### DATA IN THIS EXERCISE

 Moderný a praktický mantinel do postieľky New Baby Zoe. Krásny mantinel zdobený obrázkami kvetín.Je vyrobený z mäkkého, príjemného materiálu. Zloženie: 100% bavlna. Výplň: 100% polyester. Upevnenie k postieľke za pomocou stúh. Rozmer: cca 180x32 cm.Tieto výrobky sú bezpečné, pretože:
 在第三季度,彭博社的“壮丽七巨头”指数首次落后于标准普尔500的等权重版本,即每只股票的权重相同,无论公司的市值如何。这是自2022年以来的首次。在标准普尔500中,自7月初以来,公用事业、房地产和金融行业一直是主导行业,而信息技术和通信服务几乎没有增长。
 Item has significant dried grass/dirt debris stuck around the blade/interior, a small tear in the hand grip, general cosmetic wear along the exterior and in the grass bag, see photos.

* * *

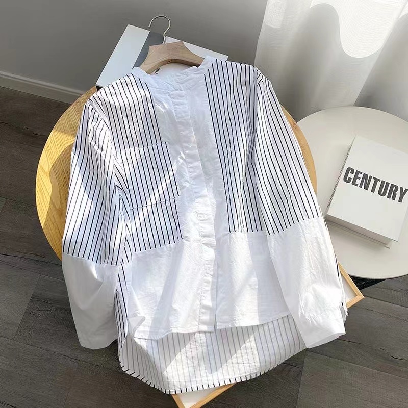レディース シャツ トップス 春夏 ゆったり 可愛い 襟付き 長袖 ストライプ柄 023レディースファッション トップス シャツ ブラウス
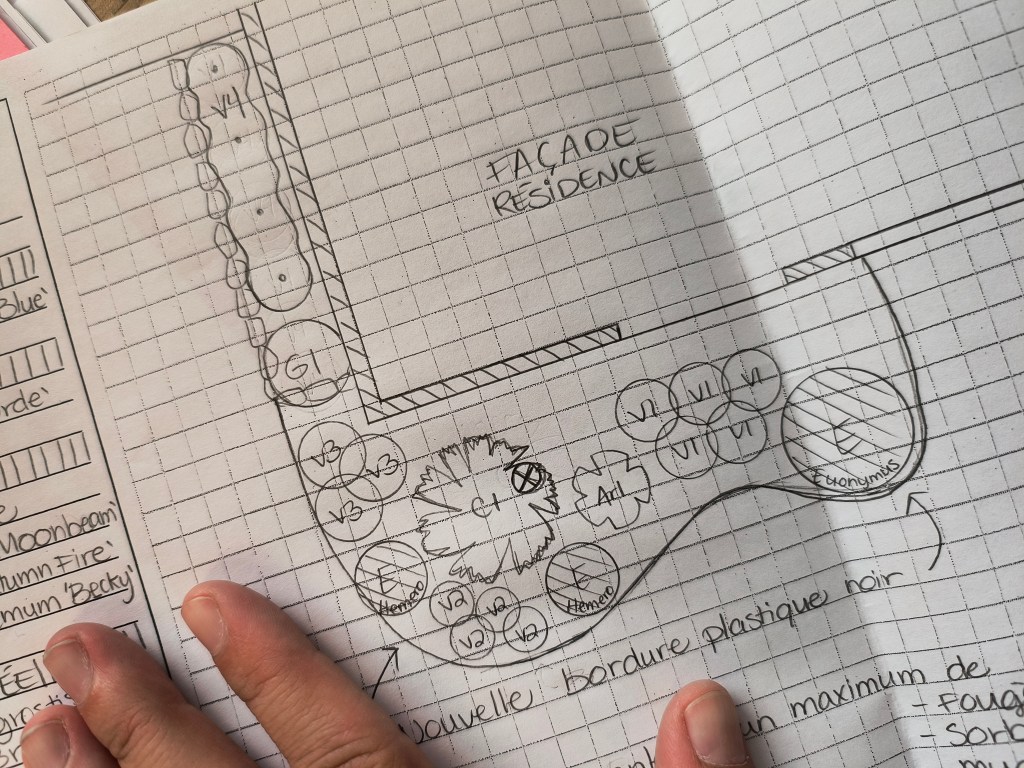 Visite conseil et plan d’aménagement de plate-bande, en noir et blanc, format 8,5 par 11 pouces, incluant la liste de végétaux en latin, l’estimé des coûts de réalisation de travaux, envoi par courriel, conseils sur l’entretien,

### WHAT THE EXERCISE ASKS
Above are the records; return the lines in them from the one with "レディース シャツ トップス" to the one with "Visite conseil et", inclusive, exactly and without images.

### ANSWER FOR THIS EXERCISE
レディース シャツ トップス 春夏 ゆったり 可愛い 襟付き 長袖 ストライプ柄 023レディースファッション トップス シャツ ブラウス
 Visite conseil et plan d’aménagement de plate-bande, en noir et blanc, format 8,5 par 11 pouces, incluant la liste de végétaux en latin, l’estimé des coûts de réalisation de travaux, envoi par courriel, conseils sur l’entretien,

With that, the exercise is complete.